Tuesday, 29 June 2010

Making hay while the sun shines...

As I mentioned last week, I have been lucky enough to have the use of an Audi R8 Spyder for a few days. It has taken the children to school, brought me to the office, and been used to drive to the dsc cricket match and to visit my nephew and his family. I've done about 500 miles since last Thursday, most of them with the top down, and every single one of them has been extremely enjoyable. Today the man will come and take it away, and I will feel very sad. This will be an unwarranted emotion, since I still will have all that I had before - my 'usual' S4, the family, our house, and the good health of us all. But one gets greedy, doesn't one? In fact the whole business of the last few days have been filled with potentially undesirable tendencies - greed, envy, lust, arrogance, you name it.

But the fact remains that such things happen, and have to be enjoyed when they do. I have also been lucky enough to have been give two wonderful books in the last few weeks. The first is Audi's "Thirty Years of Quattro", which celebrates and documents the marque's various forays into motorsport over the last generation. Interestingly, not so many of them were four-wheel-drive vehicles, so I am interested to read how that is handled.

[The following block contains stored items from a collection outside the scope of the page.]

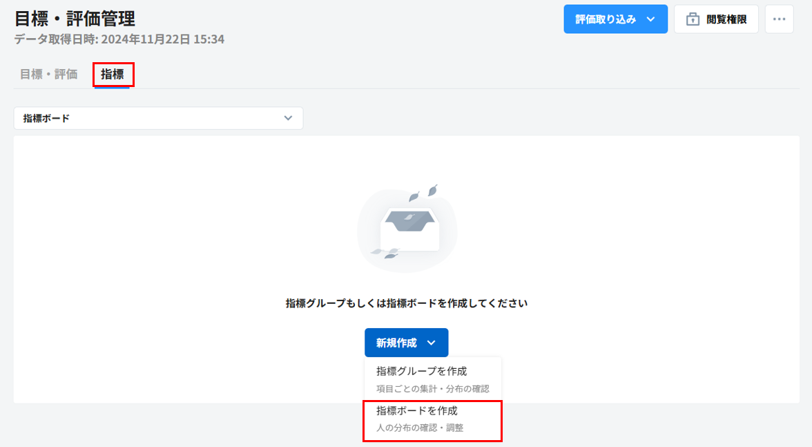 HRMOS目標・評価 > 管理画面 > 評価期間を選択 > 目標・評価管理タブ >「指標」を選択し、「指標ボードを作成」をクリックします。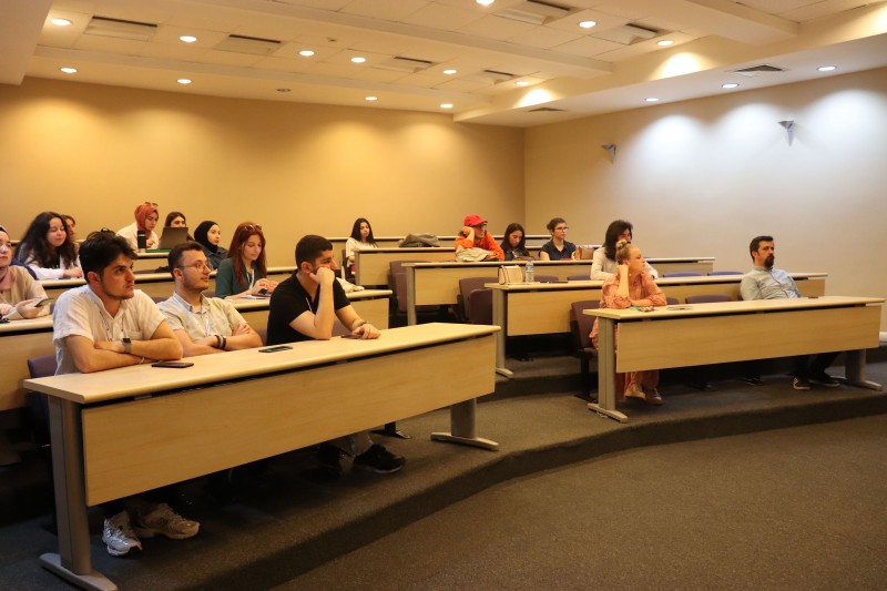 Sundukları iş fırsatlarını anlatan ve “Senin farkın Akbank’ın farkı” başlığıyla çektikleri tanıtım filmini izleterek konuşmasına başlayan İletişim Stratejileri Yöneticisi Melis Kabadayı, “Akbank olarak ‘İşveren Markası’ dediğimiz; potansiyel adaylara, Akbank’ın rengine, istediğiniz şirkete hizmet etmenizi sağlayan noktada bu kelime yürürlüğe giriyor. Firmalar bunları neden yapıyor? Şirket içerisinde dönemlerin değiştiği bir süreçten geçiyoruz. İyi ve kaliteli eğitim alan çalışanlar iş veren açısından oldukça kıymetli. Takdir edersiniz ki çok da kısıtlı. Çünkü her bir kuruluşun farklılıkları var ve bu farklılıklara adapte olabilecek adayları çekmek bizim görevimiz oldu. İşveren markası dediğimizde İBP kapsamıyla birlikte çok fazla karşılaşıyoruz. Burada ‘Senin farkın Akbank’ın farkı’ dediğimiz yani çalışan odaklı konularımızı göz önünde bulundurduğumuzda İBP’ye hizmet ediyor oluyoruz. Çalışanlara sağlanan iş ve yaşam dengesini sunmuş oluyoruz. Çalışanın kapasitesini arttırmaya yönelik çalışmalar yapıyoruz. Bu izlettiğimiz filmdeki çalışanlar bizim arkadaşlarımız ve gerçekten bu iş fırsatlarını hayatlarına geçiren insanlar. Bizim gerçekten bir girişimcilik programımız var. Akbank Plus desteği ve girişimcilik programıyla birlikte istediği hayata kavuşan arkadaşımız var. Biz bir kariyer yolculuğuna çıkıyoruz ama bunun nasıl dönüşeceğini bilmiyoruz. Ben bir iş görüşmesinde olsam ‘Ben buraya başlıyorum ama önümüzdeki dönemde bir kariyer fırsatında beni destekliyor musunuz?’ diye sorarım. Bir firmanın sizi desteklemesi gerçekten çok önemli. Fırsatlarını ve karakterinize uygun olmasını değerlendirin. Bunların hepsi de başta bahsettiğimiz işveren markasını oluşturuyor” ifadelerini kullandı. Sonrasında Genç İletişimciler Kulübü tarafından hazırlanan sorularla öğrencilerin merak ettiği konulara değinildi.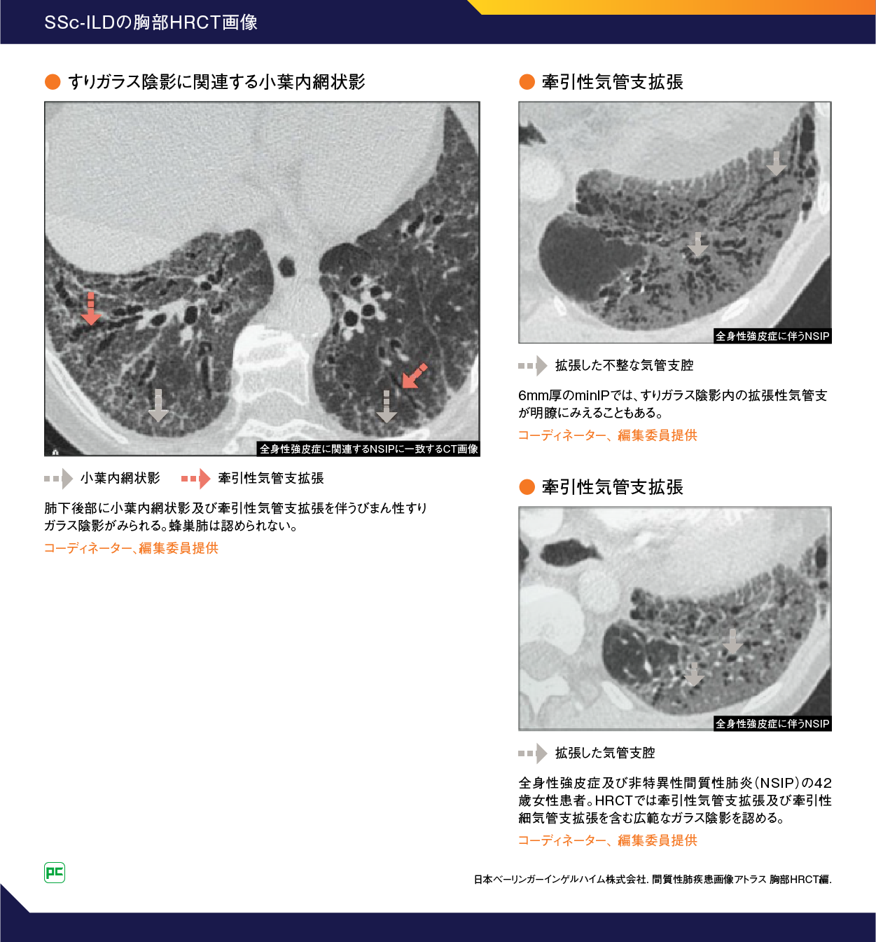 また、SSc-ILD患者でみられるすりガラス影は経過のなかで牽引性気管支拡張へと変化することがあります10)。このように、すりガラス影が牽引性気管支拡張へと進行する理由として、すりガラス影が炎症だけでなく小葉内の線維化を反映していることが要因と推測されています 11)。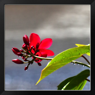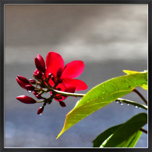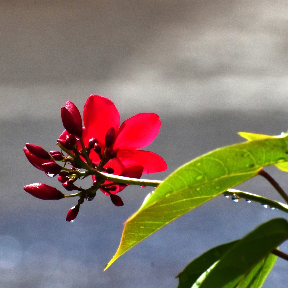 沖縄ライカムのエントランス沿いに植えられていました。雨上がりの雫が輝く美しいい時です。
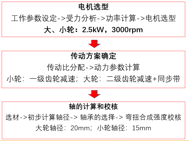 关键零部件的选型和计算。对小车的采用电机以及关键结构选型计算。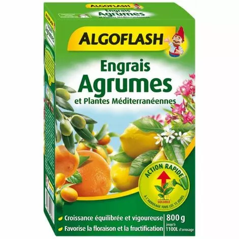 Description détaillée du produit: Produit: Engrais agrumes et plantes action rapide Composition: NPK 14.7.14 – 3% MgO avec oligo-éléments. Conditionnement: 800 grammes Marque: Algoflash
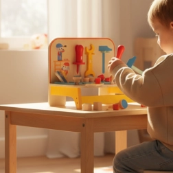 Children practice fine motor skills and coordination by tightening screws, hammering pegs, and assembling pieces. Ideal for first technical steps through play.

The other book that arrived recently was Reynald Hezard's "956 - Esquisses de Performances (Sketches of Performance)", which chronicles every single 956 chassis from Porsche - including all the liveries in which they raced. Like the Audi book, I haven't really read this yet, but having a thumb through reveals a deceptively mighty tome. The research seems meticulous - but I will have to reserve a definitive judgement until I have had chance to examine it more closely.

Whichever way you look at it though, even though I attend far fewer motor races than I did when I was younger and single, I still have every reason to be grateful for the good things that happen to me.

It won't always be this way, but it is important to make the most of the good times while they last.